A obra reúne reflexões, aprendizados e experiências construídas ao longo de sua trajetória à frente da Sincron. O lançamento reuniu executivos, profissionais da saúde e convidados durante a feira, em um momento marcado por discussões sobre cultura organizacional, liderança consciente e desenvolvimento humano nas empresas.

Juliana Vicente, head do portfólio de Saúde da Informa Markets, organizadora do evento, destacou a relevância de ampliar o debate sobre gestão humanizada dentro do setor.

“A Hospitalar também é um espaço para discutir cultura, liderança e desenvolvimento humano. O lançamento deste livro reforça como o cuidado com as pessoas precisa estar no centro das estratégias das empresas de saúde”, pontuou Juliana.

Durante lançamento, no dia 20 de maio, a CEO da Sincron exaltou Waleska Santos, presidente da Hospitalar, como uma inspiração em sua trajetória profissional e na construção de lideranças mais conectadas ao desenvolvimento humano.

Ao escrever, a empresária, que também integrou a série Mulheres na Saúde, constrói uma reflexão sobre como organizações podem alcançar resultados consistentes sem dissociar performance, propósito e relações humanas.

Liderança além dos indicadores

Ao apresentar o livro, a executiva compartilhou que a publicação nasce de experiências vividas ao longo de sua trajetória profissional e da observação sobre os impactos das lideranças no ambiente corporativo.

“Escrever este livro foi, acima de tudo, revisitar pessoas, histórias e aprendizados que marcaram minha trajetória”, afirmou.

Segundo Liliana, a proposta da gestão humanizada ainda é frequentemente interpretada de forma superficial pelo mercado, como um modelo permissivo ou excessivamente flexível. Para a CEO, o conceito exige consciência, responsabilidade e coerência na forma de liderar.

“Nos meus 21 anos de gestão da Sincron, aprendi que resultados sustentáveis acontecem por meio de líderes capazes de se autogerir. Porque a liderança humanizada começa na autoliderança”, disse.

A autora também ressaltou que empresas não se sustentam apenas por estruturas, processos ou metas.

“Sempre acreditei que empresas são feitas por pessoas. Sem elas, empresas são apenas estruturas, processos e espaços vazios”, declarou Liliana.

Cultura organizacional na prática

Ao longo da obra, Liliana aborda temas como confiança, desenvolvimento de talentos, relações interpessoais e cultura organizacional. Um dos pontos centrais do livro é a defesa de que o cuidado com as pessoas não deve ser tratado como algo dissociado da busca por eficiência e resultados.

“Cultura não está no discurso. Está na forma como as decisões são tomadas, como as relações são conduzidas e como as pessoas são tratadas dentro das empresas”, destacou durante o lançamento.

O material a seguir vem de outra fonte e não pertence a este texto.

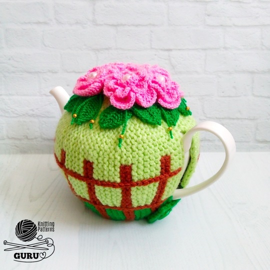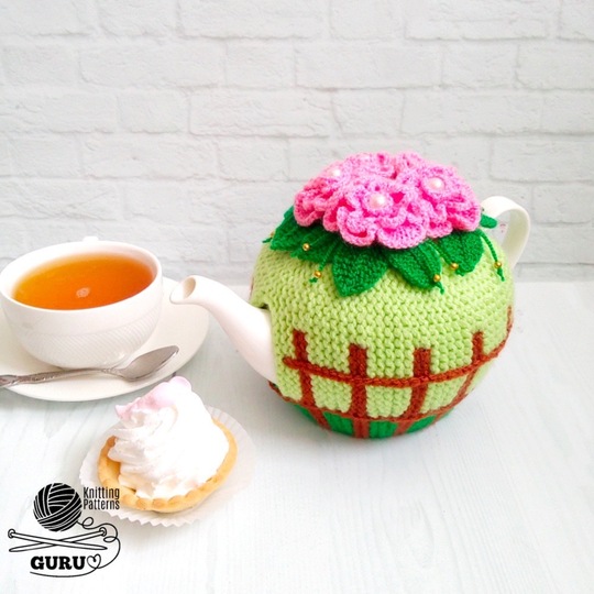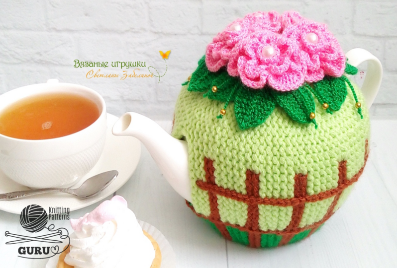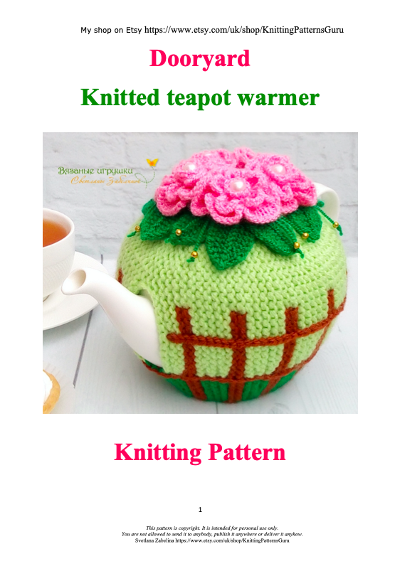 The teapot warmer made with suggested yarn fits Tudor Royal Sutton teapot (990 ml). You can make the teapot warmer smaller if work with one strand of yarn or choosing fingering yarn. Attention: if you choose fingering yarn or work with one strand of yarn, choose different size needles.
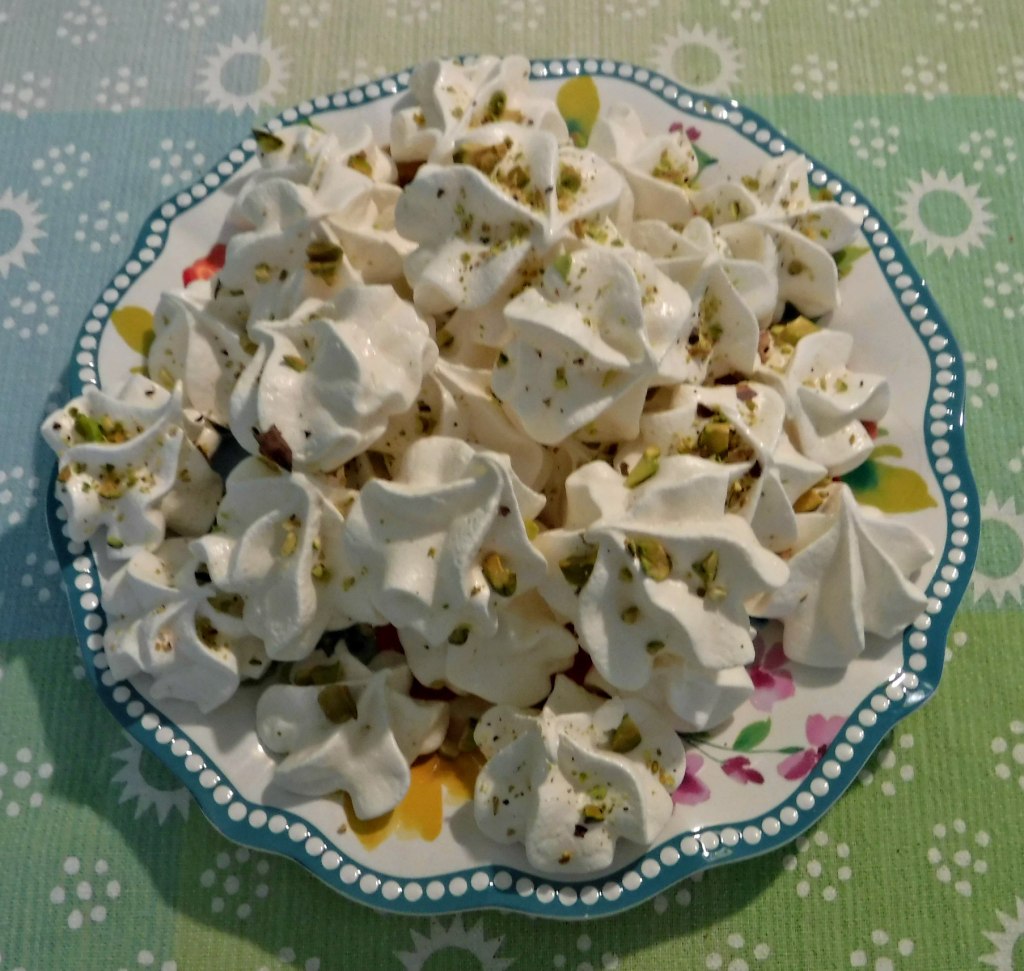 I rarely find meringue cookies in my area, but then, do I really look hard enough? Recently, I came upon Ina Garten’s recipe for Salted Pistachio Meringue cookies and my craving for them would not be denied.
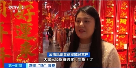云南昆明某商貿(mào)城經(jīng)營(yíng)戶:從上個(gè)月開(kāi)始,人們就已經(jīng)開(kāi)始購(gòu)買(mǎi)年貨。燈籠、福字、對(duì)聯(lián),還有窗花、擺件都是最熱銷的產(chǎn)品。采購(gòu)高峰期從這個(gè)月開(kāi)始,批發(fā)商已經(jīng)開(kāi)始補(bǔ)貨,一直會(huì)持續(xù)到臘月二十八左右。
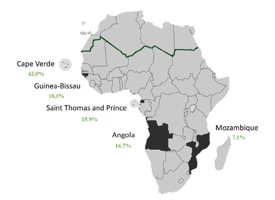 A total of 126 African patients underwent chronic hemodialysis at the HD unit of Centro Hospitalar Universitário Lisboa Norte. Baseline characteristics of this cohort are described in Table 1. Mean age was 49.9 ± 14.1 years, and the majority was male (n= 71, 53.6%). Twenty‑one patients came from Angola (16.7%), 53 from Cape Verde (42.0%), 23 from Guinea‑Bissau (18.3%), 20 from Saint Thomas and Prince (15.9%), and 9 from Mozambique (7.1%) (Fig. 1).
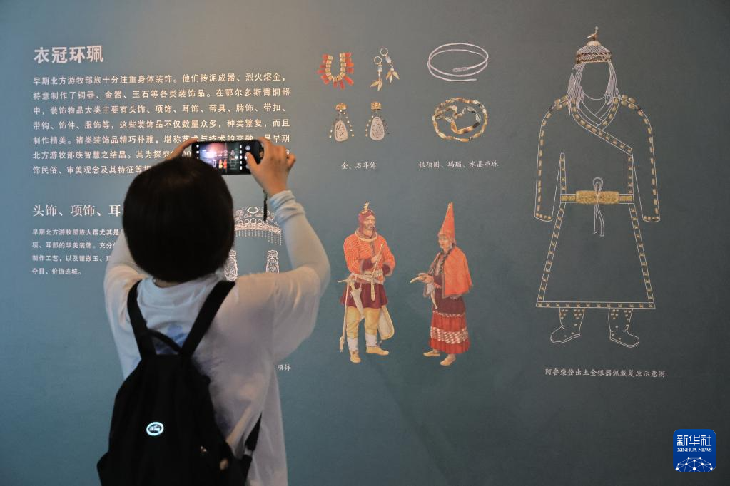 展览分为穹宇长青、阴山牧马两个部分,以鄂尔多斯青铜器、金器、银器为载体,300余件精品文物再现了长城沿线地带以匈奴为代表的游牧民族早期草原文明的生活场景。
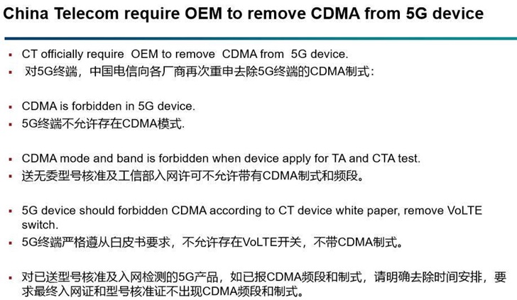 有消息人士稱,中國電信要求從 2020 年起,所有 5G 終端不允許存在 CDMA 頻段和制式,同時要求不允許存在 VoLTE 開關;如果已報 CDMA 頻段和制式,需要明確去除時間安排,最終入網(wǎng)證和型號核準證不允許出現(xiàn) CDMA 頻段和制式。
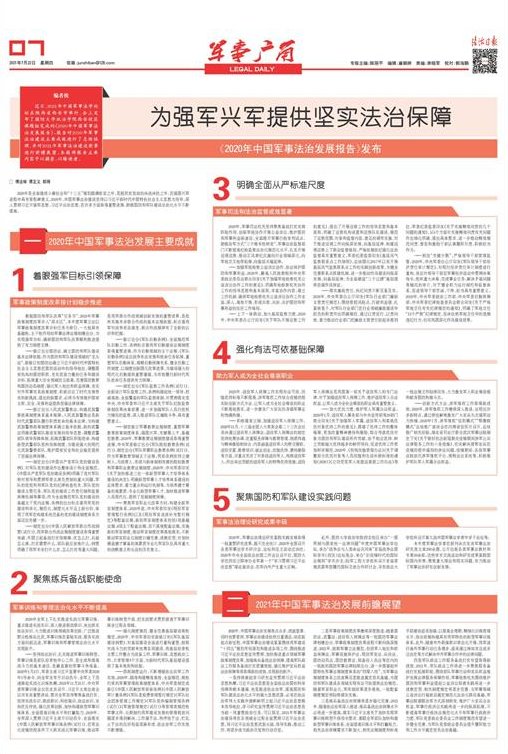 近日,2021年中國軍事法學(xué)論壇在陜西省西安市舉行,會上發(fā)布了國防大學(xué)政治學(xué)院西安校區(qū)課題組完成的《2020年中國軍事法治發(fā)展報告》。報告對2020年軍事法治建設(shè)主要成就進行了總結(jié)梳理,并對2021年軍事法治建設(shè)前景進行前瞻展望。本報將報告主要內(nèi)容予以摘登,以饗讀者。
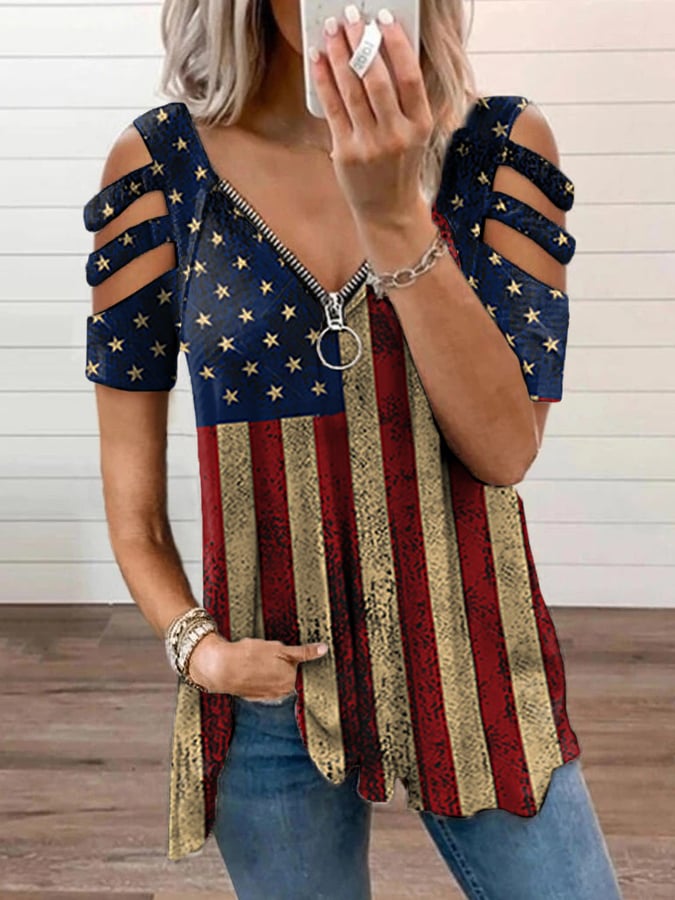 Women's Independence Day America Flag Print Casual Zipper V-Neck Tee
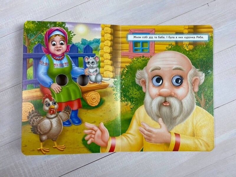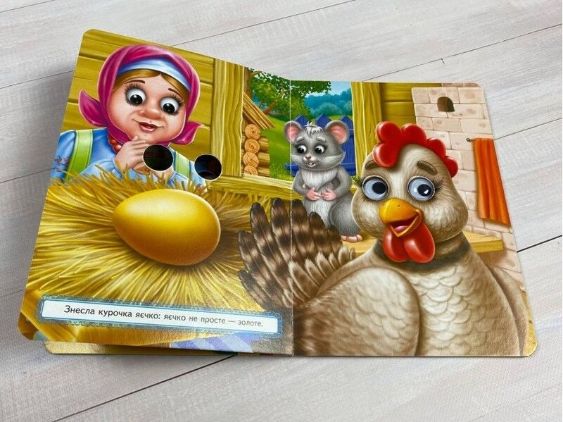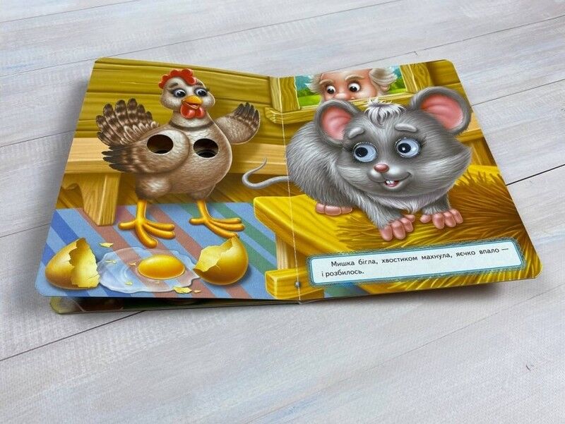 Улюблена народна казка Курочка Ряба у сучасному поліграфічному виконанні зачарує малюка яскравістю фарб та «живими» персонажами
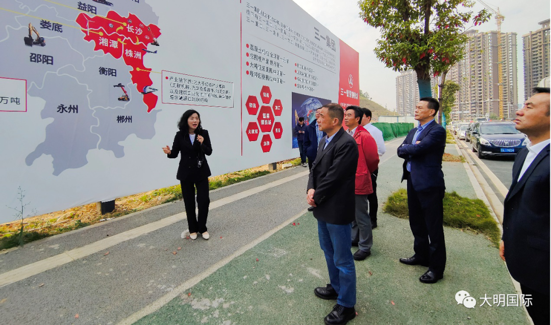 拜访期间,周克明主席一行还参观了三一重工株洲智慧产业园项目现场和金山科技工业园。株洲市荷塘区委书记邬凌云、区人民政府副区长陈柏文、金山科技工业园党工委书记朱福兴、工业园管委会科长唐丝思热情接待。双方进行了友好交流,邬凌云书记表达了对大明国际和三一重工强强联合、合作共赢的期待。
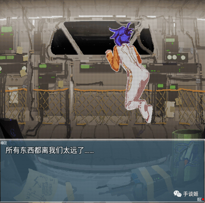 《旅燕归航》的美术也相当“惊艳”,飞船损毁,角色只能局限在这一空间里,对于独立游戏来说相当巧妙,而人物更让人怜爱。

A discussão dialoga diretamente com um momento vivido pelo setor de saúde, marcado pela pressão por produtividade, avanço tecnológico, retenção de talentos e necessidade de adaptação constante nas organizações.

Nesse contexto, a obra propõe uma liderança mais conectada à escuta, ao desenvolvimento humano e à construção de relações sustentáveis dentro das empresas. “Cuidar e performar caminham juntos. Não é utopia. É decisão”, afirmou a autora.

Reflexão sobre o futuro da gestão

Mais do que apresentar um modelo de liderança, o livro propõe uma reflexão sobre o impacto humano das decisões tomadas dentro das organizações. Liliana deixou uma provocação sobre o papel das lideranças no ambiente corporativo.

“Espero que cada pessoa que leia esta obra saia dela com uma reflexão muito simples: ‘como eu faço o outro se sentir quando lidero?’ Porque, no fim, liderar é conexão humana”.